-NOTES:
-NOTES:
- 37 (base 8) = 31 (base 10) (LAST CONTROL CHAR)
- 40 (base 8) = 32 (base 10) (FIRST PRINTABLE ASCII)
- 176 (base 8) = 126 (base 10) (LAST PRINTABLE ASCII)
- 177 (base 8) = 127 (base 10) (DEL)
- 200 (base 8) = 128 (base 10)
- 237 (base 8) = 159 (base 10)
- 240 (base 8) = 160 (base 10) (FIRST EXTRA PRINTABLE)
- 377 (base 8) = 255 (base 10) (LAST EXTRA PRINTABLE)
- 400 (base 8) = 256 (base 10)
-
- Traditional ASCII 0 - 127 (octal 0 - 177)
- Printable ASCII 32 - 126 (octal 40 - 176)
- Additional Printables for ISO Latin 1 160 - 255 (octal 240 - 377)
-
- 240 (160) is the first character of the extra 7-bit printable characer
- range, sometimes used as the no-break space, but the regular expression
- ranges are broken up at 240 only because RH 7.2 PHP seemed to have
- problems otherwise - this is a PHP/preg issue, NOT a charset issue
-
- So supposedly printable chars in an 8859 charset are 32-126 (octal 40-176)

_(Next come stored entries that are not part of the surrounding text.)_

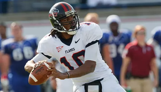 Patrick Morgano's punt pinned Liberty at the one-yard line, but Brown led the charge for the Flames to regain the lead. Brown carried the ball five times for 48 yards and completed two passes for 28 yards on the drive, setting up a one-yard burst by Holloway up the middle for the score. The burst completed a nine-play, 99-yard scoring drive, the longest of the season by the Liberty offense.
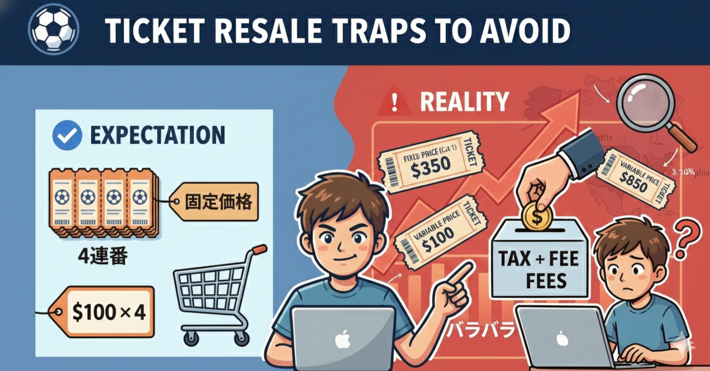 StubHub、viagogo、メルカリなどの非公式プラットフォームで販売されているチケットは、入場を拒否されるリスクがあります。FIFAはチケットの転売を公式リセール以外では認めておらず、非公式チケットは無効化される可能性が高いです。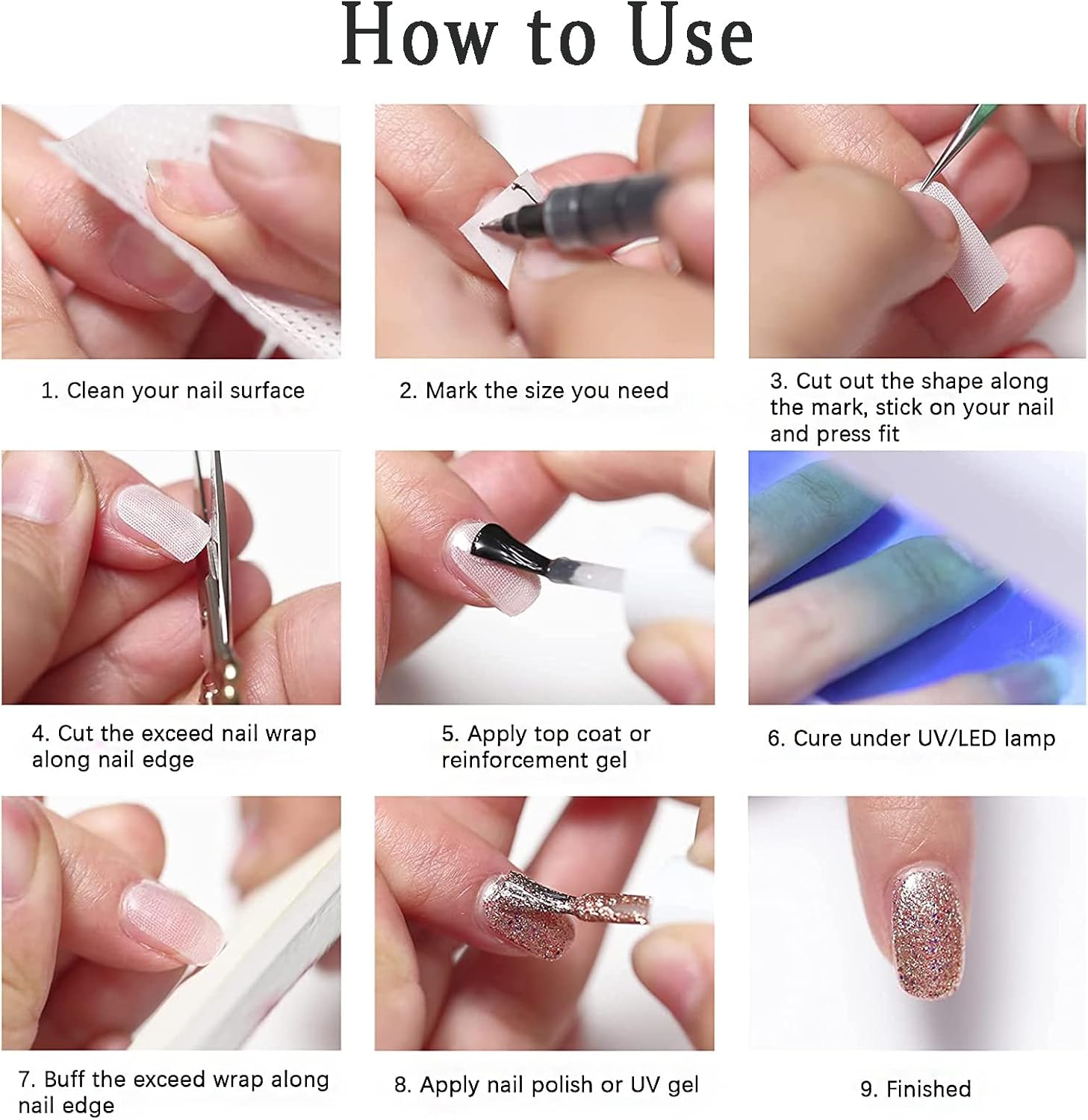 Easy to use: The nail wrap is self-adhesive and does not need to be applied with glue. Just cut a small piece of nail that matches the size of the nail, nail tip and nail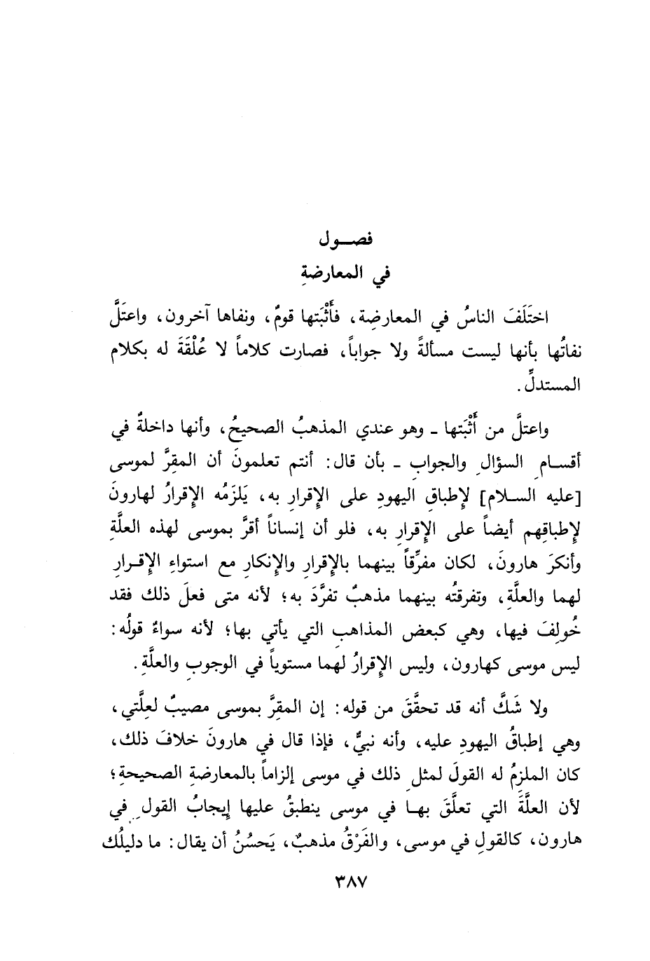 ولا شَك أنه قد تحقَقَ من قوله: إن المقِرَّ بموسى مصيب لعِلَّتي، وهي إطباقُ اليهودِ عليه، وأنه نبيٌّ، فإذا قال في هارونَ خلافَ ذلك، كان الملزِمُ له القولَ لمثلِ ذلك في موسى إلزاماً بالمعارضةِ الصحيحةِ؛ لأن العلَّةَ التي تعلقَ بها في موسى ينطبقُ عليها ايجابُ القولِ في هارون، كالقولِ في موسى، والفَرْقُ مذهبٌ، يَحسُنُ أن يقال: ما دليلُك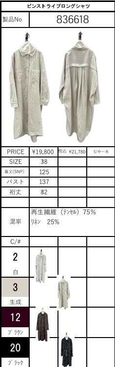 【ご予約品】《ayane》ピンストライプロングシャツ 836618【送料無料】 納期 5/中~末

- and 160/161-255 (octal 240/241-377))
-
- So checking for the range between the two makes sense (128-159 or octal 200-237)
- (wait, no, to skip DEL too, it's 127-159 (octal 177-237))
-
- But why not for 0-31 (octal 0-37) and DEL (127 or 177 octal)????
- (or do we need a new fxn that detects *printable* 7-bit chars?)
- (if we do, note that some control characters are "printable",
- notably the CR, LF and TAB characters)
-
- And why is 241-377 octal considered 8-bit for iso 8859??? Isn't it
- the opposite for iso 8859???? aren't these 7 bit characters?
- see http://www.cs.tut.fi/~jkorpela/chars.html#latin1
- Uh, well, anything more than 127 (octal 177) takes 8 bits to represent
- but errrrr, these are simple non-multibyte characters, right? but
- maybe this "is 8-bit" business is NOT the same as "is multibyte"????
-
- That begs the question how this fxn is actually used - what's its purpose?